This time, perhaps recalling criticisms of cultural appropriation in The Help (2009), she sticks to feisty white women, with one exception. The setting is Oxford in 1933. For two miserable years, 11-year-old Meg has lived in “the Orphan,” a county asylum for parentless girls. Chairlady Garnett—a villain so one-note she’d twirl a mustache if she had one—makes it her mission to ostracize the older girls she deems unadoptable, stigmatizing them as offspring of the “feebleminded” mothers who abandoned them. She particularly has it in for smart, sassy Meg, who refuses to believe her mother’s mysterious disappearance was deliberate. Elsewhere in Oxford, Birdie Calhoun comes to visit her sister Frances, who married a wealthy banker, to ask for money on behalf of their mother and grandmother back in Footely. Frances isn’t thrilled by this reminder of her impoverished small-town origins. But she’s trying to climb up in Oxford society by volunteering at the Orphan, the asylum’s books need to be done before the state inspector shows up in a few weeks, and Birdie is a bookkeeper.
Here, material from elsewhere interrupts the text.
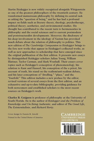 Martin Heidegger is now widely recognized as one of the greatest philosophers of the twentieth century. He transformed mainstream philosophy by defining its central task as asking the'question of being', and he has had a profound impact on fields such as literary theory, theology, psychotherapy, political theory, aesthetics, and environmental studies. This new edition of The Cambridge Companion to Heidegger brings to the fore new works that appear in Heidegger's collection, as well as new approaches to scholarship that have emerged since the publication of the first edition.

Having neatly arranged to keep Birdie in town and draw these two storylines together, Stockett goes on to spin a compulsively readable yarn with enough plot for a half-dozen novels. Birdie and Meg become friends, Meg is adopted despite Garnett’s best efforts, Meg’s mother turns up at the Orphan demanding to know where her child is—and that’s less than a quarter of the way through a long, winding narrative that keeps piling on more dramatic developments until all loose ends are neatly, if hastily, wrapped up in the final pages. Stockett might be making a point about Southern women facing facts and standing up for themselves, but mostly this is just a satisfyingly twisty tale that should make a great miniseries.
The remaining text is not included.